● PROVIDED MATERIAL:
——

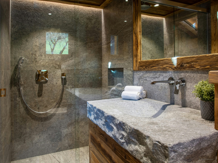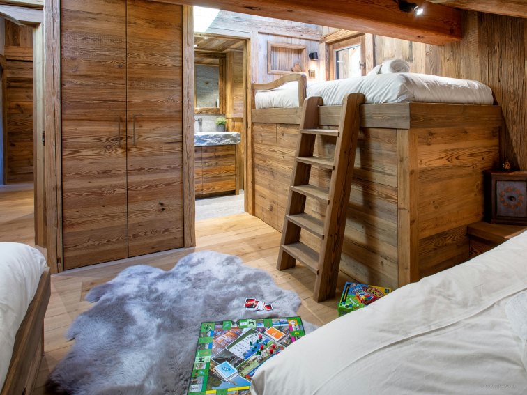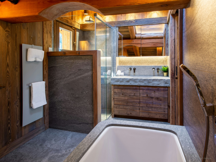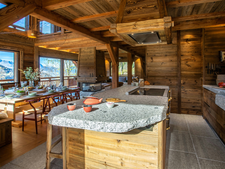 La grande pièce de vie à l’étage central ouvre sur une magnifique terrasse panoramique meublée, où le regard se perd par-dessus la vallée jusqu’au Mont Blanc. La cuisine moderne, quant à elle, comprend une grande cuisinière, deux frigos et deux lave-vaisselle, pour que cuisiner soit toujours un plaisir, même pour les grands groupes. Il y a assez d’espace pour manger tous ensemble à la grande table à manger, ou alors sur la terrasse pour profiter du bon air alpin.
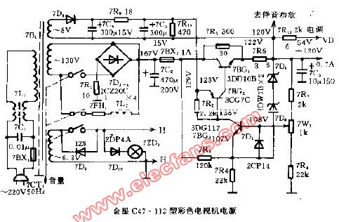 金星C37-401型彩色電視機(jī)開(kāi)關(guān)電源電路
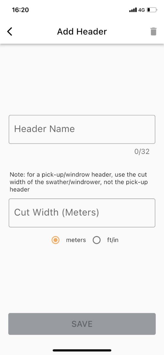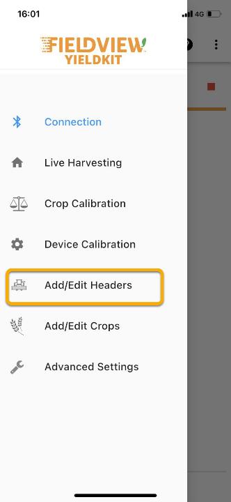 Per il calcolo della resa, il monitor della resa deve sapere quale larghezza di terreno viene raccolta. Per evitare che l'utente debba inserire la larghezza della testata ogni volta che la si cambia, tutte le testate utilizzate dalla mietitrice possono essere inserite e salvate in anticipo. L'utente può selezionare una testata nella schermata Raccolta in diretta.
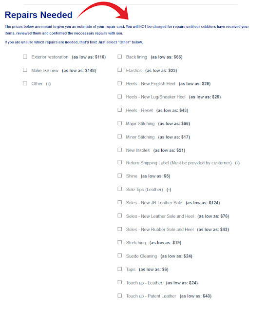 If you have a pair of shoes that are a little worse for wear, there are two easy ways to begin your order with Cobbler Concierge: you can order online at their website or via text message. I used their online ordering to start my repairs. All you have to do is fill out a survey with information about your repair, and then you’ll get an estimate of how much the repairs will cost. You won’t be charged until you agree to the proposed repairs.

——

● EXERCISE GOAL: What you return must match the lines from the top of the data through the line with "金星C37-401型彩色電視機(jī)開(kāi)關(guān)電源電路" exactly, with the pictures removed.

● RESPONSE TO THIS TASK:
 La grande pièce de vie à l’étage central ouvre sur une magnifique terrasse panoramique meublée, où le regard se perd par-dessus la vallée jusqu’au Mont Blanc. La cuisine moderne, quant à elle, comprend une grande cuisinière, deux frigos et deux lave-vaisselle, pour que cuisiner soit toujours un plaisir, même pour les grands groupes. Il y a assez d’espace pour manger tous ensemble à la grande table à manger, ou alors sur la terrasse pour profiter du bon air alpin.
 金星C37-401型彩色電視機(jī)開(kāi)關(guān)電源電路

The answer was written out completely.